TASK DESCRIPTION: Two lines mark the range in the entries below: the one holding "귀여운 일러스트 스타일의" and the one holding "Drawstring Orange Vintage". Set down those two and all lines between them, exactly.

"""

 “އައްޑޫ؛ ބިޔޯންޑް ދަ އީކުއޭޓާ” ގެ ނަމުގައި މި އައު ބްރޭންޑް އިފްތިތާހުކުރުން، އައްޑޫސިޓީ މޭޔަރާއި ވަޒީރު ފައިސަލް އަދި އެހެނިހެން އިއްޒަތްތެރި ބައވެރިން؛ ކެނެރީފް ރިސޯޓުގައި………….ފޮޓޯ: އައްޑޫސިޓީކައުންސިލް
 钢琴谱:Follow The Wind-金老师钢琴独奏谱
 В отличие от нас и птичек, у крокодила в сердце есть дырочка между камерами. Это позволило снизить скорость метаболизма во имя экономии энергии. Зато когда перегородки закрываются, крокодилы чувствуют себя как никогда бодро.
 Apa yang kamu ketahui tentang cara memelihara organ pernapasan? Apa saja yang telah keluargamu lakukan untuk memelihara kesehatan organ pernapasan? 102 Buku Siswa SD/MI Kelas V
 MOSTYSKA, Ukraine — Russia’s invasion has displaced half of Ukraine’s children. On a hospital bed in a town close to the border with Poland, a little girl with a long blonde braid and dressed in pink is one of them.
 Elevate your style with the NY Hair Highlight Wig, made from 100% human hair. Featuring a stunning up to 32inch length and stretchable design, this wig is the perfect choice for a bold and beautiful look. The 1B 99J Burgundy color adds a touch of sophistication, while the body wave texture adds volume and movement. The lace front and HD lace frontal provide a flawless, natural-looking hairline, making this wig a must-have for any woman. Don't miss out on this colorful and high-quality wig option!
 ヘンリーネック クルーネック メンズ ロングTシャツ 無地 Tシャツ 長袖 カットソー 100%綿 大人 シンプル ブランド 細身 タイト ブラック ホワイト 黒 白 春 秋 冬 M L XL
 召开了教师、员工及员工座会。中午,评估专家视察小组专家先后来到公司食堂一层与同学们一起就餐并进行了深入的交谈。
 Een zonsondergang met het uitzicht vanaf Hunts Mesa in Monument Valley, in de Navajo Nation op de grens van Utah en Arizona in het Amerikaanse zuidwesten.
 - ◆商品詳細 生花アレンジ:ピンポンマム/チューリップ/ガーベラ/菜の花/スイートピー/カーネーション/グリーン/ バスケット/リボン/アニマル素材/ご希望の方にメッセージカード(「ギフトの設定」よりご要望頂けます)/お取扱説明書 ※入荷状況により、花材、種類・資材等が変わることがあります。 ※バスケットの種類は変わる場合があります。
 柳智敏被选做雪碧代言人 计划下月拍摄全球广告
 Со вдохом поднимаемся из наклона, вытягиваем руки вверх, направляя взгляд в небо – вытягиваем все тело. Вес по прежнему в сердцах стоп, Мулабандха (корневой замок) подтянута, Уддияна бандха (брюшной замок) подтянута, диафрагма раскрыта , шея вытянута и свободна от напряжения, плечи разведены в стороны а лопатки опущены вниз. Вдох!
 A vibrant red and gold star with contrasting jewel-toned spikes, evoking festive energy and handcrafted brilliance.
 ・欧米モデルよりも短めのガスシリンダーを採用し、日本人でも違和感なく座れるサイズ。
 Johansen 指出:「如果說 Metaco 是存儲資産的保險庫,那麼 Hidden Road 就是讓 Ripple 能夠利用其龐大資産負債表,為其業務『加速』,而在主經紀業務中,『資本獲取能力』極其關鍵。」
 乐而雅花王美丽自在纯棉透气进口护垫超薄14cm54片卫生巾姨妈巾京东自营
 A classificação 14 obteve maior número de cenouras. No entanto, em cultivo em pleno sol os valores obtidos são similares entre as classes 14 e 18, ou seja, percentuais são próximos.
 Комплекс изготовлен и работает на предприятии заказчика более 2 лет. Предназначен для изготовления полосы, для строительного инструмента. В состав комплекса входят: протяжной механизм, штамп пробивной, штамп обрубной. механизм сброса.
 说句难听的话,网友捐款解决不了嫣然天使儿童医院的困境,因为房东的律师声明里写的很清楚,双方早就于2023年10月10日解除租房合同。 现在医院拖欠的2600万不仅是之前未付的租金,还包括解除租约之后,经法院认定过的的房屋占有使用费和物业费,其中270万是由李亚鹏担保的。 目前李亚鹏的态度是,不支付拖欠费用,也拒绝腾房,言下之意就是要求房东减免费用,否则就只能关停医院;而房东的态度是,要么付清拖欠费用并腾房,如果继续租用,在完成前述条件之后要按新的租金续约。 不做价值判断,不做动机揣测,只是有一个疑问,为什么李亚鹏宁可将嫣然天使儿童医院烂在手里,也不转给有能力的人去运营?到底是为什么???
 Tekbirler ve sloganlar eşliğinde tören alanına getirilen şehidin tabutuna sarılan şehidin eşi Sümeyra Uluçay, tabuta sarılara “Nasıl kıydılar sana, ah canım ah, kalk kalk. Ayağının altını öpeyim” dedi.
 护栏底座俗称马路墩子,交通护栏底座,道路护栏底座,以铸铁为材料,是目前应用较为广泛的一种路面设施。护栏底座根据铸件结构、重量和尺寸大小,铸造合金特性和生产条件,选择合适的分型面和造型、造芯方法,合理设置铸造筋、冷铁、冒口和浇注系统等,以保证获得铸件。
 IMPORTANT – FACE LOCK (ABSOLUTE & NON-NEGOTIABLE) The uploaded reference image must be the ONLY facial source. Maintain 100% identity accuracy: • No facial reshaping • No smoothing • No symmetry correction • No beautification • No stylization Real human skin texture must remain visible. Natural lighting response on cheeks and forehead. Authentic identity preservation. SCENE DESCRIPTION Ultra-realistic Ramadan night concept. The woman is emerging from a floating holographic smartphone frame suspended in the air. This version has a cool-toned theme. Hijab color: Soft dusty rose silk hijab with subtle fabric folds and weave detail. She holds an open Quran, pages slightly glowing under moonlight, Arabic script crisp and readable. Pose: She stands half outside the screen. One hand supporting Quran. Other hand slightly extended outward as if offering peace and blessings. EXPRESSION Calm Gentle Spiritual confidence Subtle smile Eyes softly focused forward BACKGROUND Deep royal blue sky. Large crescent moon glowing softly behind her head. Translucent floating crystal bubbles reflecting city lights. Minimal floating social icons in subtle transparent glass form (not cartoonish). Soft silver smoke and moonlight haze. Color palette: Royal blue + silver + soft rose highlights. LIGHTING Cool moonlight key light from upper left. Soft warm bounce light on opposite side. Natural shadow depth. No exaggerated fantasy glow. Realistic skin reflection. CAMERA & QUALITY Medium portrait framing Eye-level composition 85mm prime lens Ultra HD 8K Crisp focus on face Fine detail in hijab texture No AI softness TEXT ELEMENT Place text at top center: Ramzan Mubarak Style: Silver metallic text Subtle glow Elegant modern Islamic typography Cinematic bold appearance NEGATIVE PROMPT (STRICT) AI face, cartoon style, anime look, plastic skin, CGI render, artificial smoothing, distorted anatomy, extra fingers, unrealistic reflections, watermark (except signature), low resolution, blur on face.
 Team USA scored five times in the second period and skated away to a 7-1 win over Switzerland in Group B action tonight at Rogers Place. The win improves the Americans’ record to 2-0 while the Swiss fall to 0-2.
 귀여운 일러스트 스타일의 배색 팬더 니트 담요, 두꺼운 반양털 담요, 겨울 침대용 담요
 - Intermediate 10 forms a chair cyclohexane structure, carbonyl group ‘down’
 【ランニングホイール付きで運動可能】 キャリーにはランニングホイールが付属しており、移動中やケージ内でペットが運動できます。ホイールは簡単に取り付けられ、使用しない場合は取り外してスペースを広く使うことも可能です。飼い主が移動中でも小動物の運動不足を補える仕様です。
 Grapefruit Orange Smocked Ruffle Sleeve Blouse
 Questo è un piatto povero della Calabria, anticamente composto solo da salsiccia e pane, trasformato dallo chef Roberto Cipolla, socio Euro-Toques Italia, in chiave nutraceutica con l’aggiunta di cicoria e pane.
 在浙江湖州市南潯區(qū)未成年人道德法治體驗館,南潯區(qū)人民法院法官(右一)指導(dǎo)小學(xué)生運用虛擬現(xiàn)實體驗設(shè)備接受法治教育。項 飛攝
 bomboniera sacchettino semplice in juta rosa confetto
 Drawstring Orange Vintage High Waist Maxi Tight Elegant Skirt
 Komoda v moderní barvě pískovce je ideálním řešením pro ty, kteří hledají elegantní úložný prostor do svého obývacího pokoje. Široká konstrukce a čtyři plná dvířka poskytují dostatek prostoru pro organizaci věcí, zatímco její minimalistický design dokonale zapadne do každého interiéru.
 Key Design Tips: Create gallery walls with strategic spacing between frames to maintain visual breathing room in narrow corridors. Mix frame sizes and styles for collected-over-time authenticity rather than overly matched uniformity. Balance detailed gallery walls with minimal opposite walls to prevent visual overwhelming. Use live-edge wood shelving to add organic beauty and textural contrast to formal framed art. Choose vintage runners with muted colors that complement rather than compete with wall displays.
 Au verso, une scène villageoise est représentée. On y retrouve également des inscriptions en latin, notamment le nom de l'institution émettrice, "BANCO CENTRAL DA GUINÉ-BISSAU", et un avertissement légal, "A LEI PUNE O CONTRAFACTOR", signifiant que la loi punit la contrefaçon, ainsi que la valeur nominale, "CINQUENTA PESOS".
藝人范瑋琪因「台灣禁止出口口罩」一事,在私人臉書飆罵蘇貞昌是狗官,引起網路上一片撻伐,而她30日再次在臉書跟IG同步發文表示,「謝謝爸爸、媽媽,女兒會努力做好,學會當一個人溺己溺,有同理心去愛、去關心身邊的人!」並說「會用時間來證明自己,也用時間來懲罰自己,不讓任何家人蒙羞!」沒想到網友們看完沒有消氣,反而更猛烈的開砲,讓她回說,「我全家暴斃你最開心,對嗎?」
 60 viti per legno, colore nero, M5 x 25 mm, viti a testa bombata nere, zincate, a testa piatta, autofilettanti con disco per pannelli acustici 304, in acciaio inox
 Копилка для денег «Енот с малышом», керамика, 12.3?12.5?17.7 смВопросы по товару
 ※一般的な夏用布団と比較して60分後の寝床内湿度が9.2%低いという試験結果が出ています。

"""

ANSWER TO THE PROBLEM:
 귀여운 일러스트 스타일의 배색 팬더 니트 담요, 두꺼운 반양털 담요, 겨울 침대용 담요
 - Intermediate 10 forms a chair cyclohexane structure, carbonyl group ‘down’
 【ランニングホイール付きで運動可能】 キャリーにはランニングホイールが付属しており、移動中やケージ内でペットが運動できます。ホイールは簡単に取り付けられ、使用しない場合は取り外してスペースを広く使うことも可能です。飼い主が移動中でも小動物の運動不足を補える仕様です。
 Grapefruit Orange Smocked Ruffle Sleeve Blouse
 Questo è un piatto povero della Calabria, anticamente composto solo da salsiccia e pane, trasformato dallo chef Roberto Cipolla, socio Euro-Toques Italia, in chiave nutraceutica con l’aggiunta di cicoria e pane.
 在浙江湖州市南潯區(qū)未成年人道德法治體驗館,南潯區(qū)人民法院法官(右一)指導(dǎo)小學(xué)生運用虛擬現(xiàn)實體驗設(shè)備接受法治教育。項 飛攝
 bomboniera sacchettino semplice in juta rosa confetto
 Drawstring Orange Vintage High Waist Maxi Tight Elegant Skirt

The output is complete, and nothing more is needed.